The COVID-19 pandemic was a universal unparalleled incident greatly affecting all healthcare systems, and it is required for specialists to be well-prepared beforehand to encounter diagnostic dilemmas during such exceptional conditions (14). The COVID-19 pandemic affected the everyday tasks of health centers and reduced their capacity to deliver elective services, accentuating the necessity of patient triage and paying attention to probably overlapped disease presentations.

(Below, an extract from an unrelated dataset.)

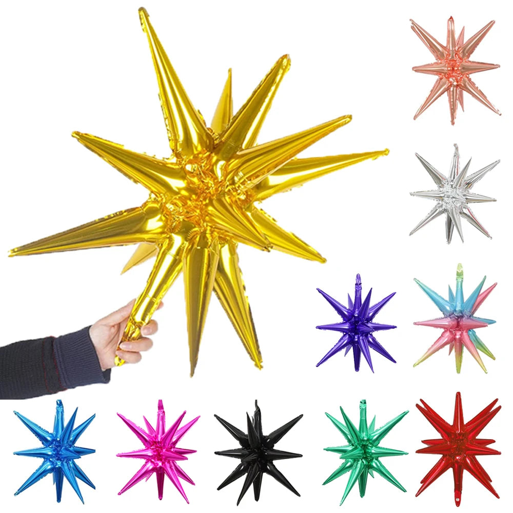 Popxstar 1/2/5pcs Starbust Balloons Rose Gold Silver Gold Explosion Star Foil Balloon for Birthday Christmas Wedding Decor Kid Air Globos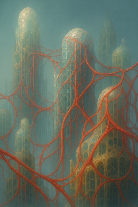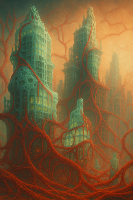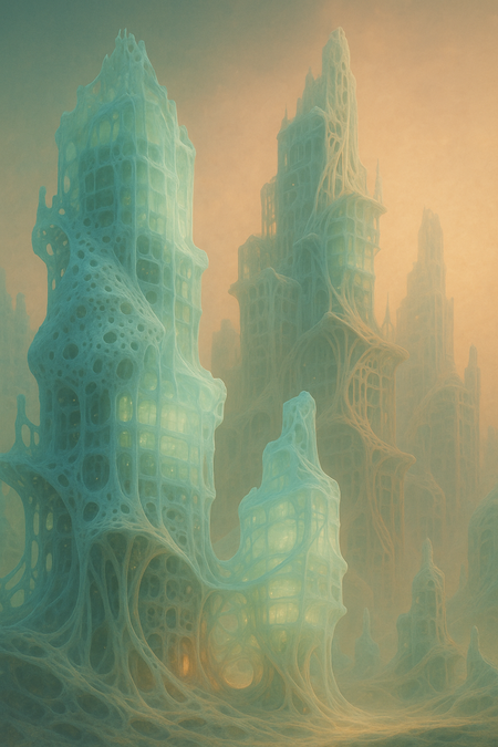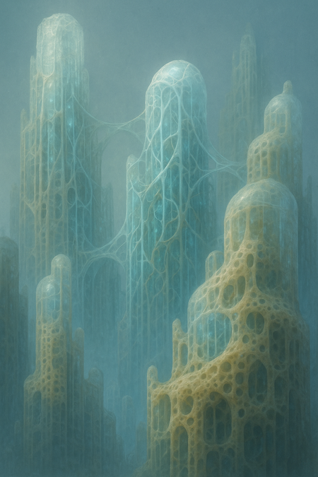 В колонии Лакуна дома не строят — их выращивают. Жилые столбы опираются на мицелиевые фермы, фасады «дышат», а инженерные сети — это микробные тракты, переносящие энергию и сигналы.

Regulations and recommendations were constantly changing as the pandemic gradually developed, requiring further preparedness and resilience among healthcare professionals to ensure patient safety and deliver satisfactory medical performance (15, 16).
3.1. Conclusions
In COVID-19 care units, it is necessary to consider the precise and periodic re-evaluation of individuals primarily diagnosed with COVID-19 to identify possibly missed diagnoses. The COVID-19 pandemic poses a new challenge to hematologists/oncologists who need to be more vigilant about lymphoma patients and enhance research efforts to optimize diagnostic algorithms for these patients during the COVID-19 pandemic.